§ **EXERCISE GOAL**: In the entries below, find the line with "中国科学院昆明植物研究所孙汉" and the line with "История матча Плимут Паркуэй против Оксфорд"; copy them and every line between them exactly, but not the pictures.

§ **DATASET EXTRACT**:
-------------------------

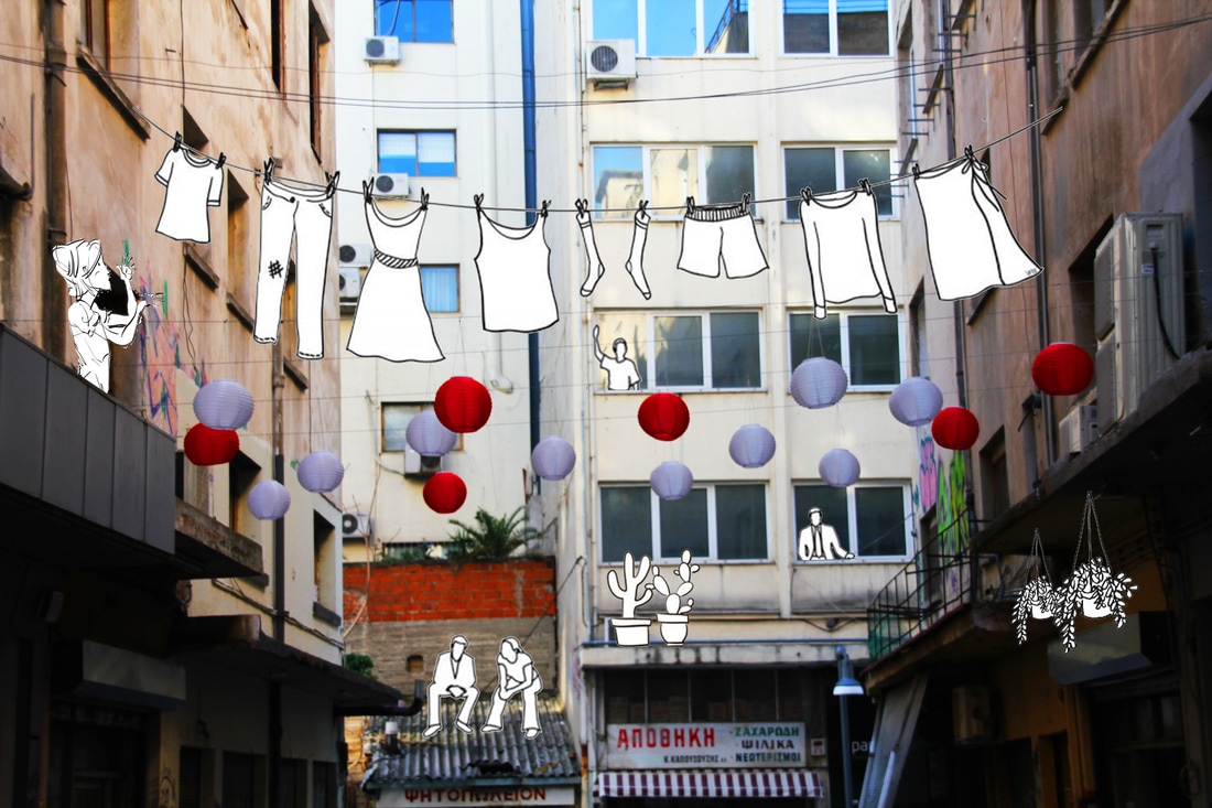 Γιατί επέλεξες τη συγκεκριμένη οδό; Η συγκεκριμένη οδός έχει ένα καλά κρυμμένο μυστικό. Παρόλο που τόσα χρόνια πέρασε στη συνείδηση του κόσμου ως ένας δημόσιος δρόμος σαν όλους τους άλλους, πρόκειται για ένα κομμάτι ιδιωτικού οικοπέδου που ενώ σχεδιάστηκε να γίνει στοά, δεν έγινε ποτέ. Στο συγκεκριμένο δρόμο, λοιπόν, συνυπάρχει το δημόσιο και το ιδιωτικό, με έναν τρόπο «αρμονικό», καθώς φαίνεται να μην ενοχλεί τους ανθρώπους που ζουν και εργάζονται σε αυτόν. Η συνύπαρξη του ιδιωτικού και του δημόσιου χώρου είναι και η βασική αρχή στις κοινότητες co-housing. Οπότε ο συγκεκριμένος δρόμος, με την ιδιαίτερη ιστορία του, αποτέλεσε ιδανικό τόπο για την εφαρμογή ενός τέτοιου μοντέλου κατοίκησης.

-------------------------

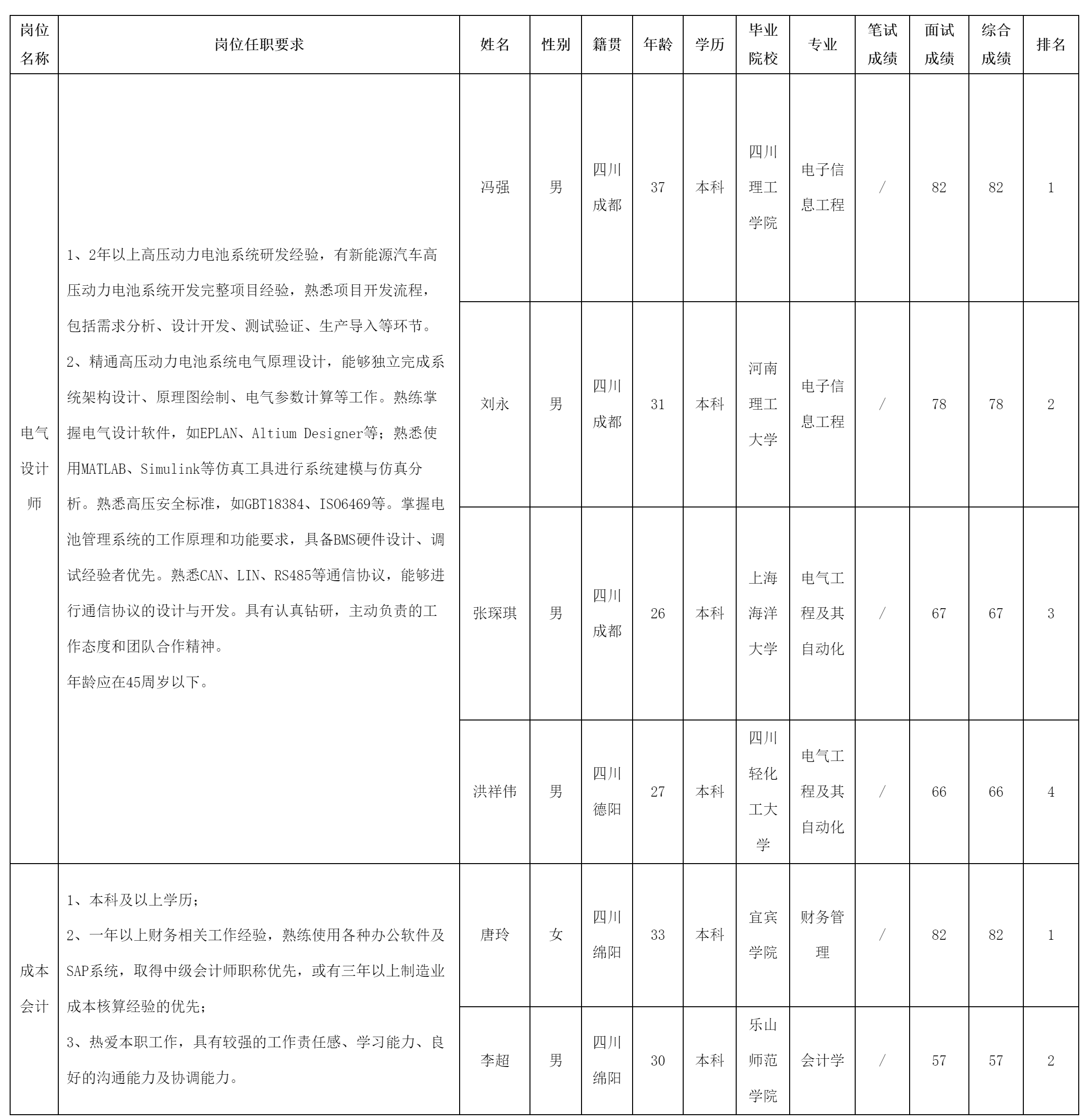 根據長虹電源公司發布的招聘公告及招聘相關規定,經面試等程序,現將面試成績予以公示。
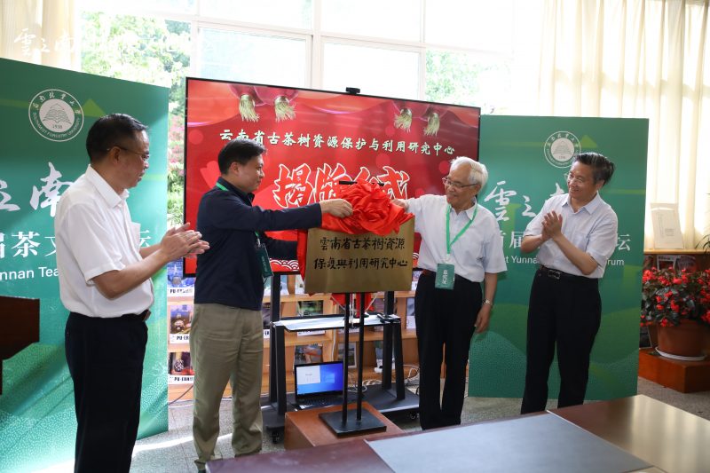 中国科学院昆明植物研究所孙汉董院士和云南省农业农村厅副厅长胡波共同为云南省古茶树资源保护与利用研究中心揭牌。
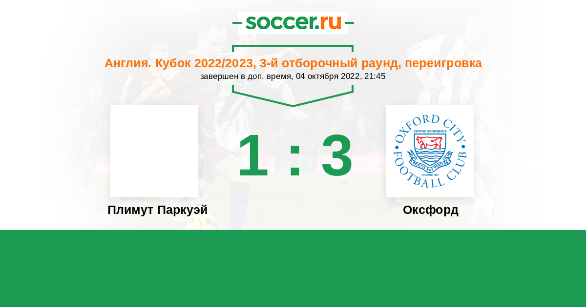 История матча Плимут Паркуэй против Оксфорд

-------------------------

§ **RESULT OF THE TASK**:
 中国科学院昆明植物研究所孙汉董院士和云南省农业农村厅副厅长胡波共同为云南省古茶树资源保护与利用研究中心揭牌。
 История матча Плимут Паркуэй против Оксфорд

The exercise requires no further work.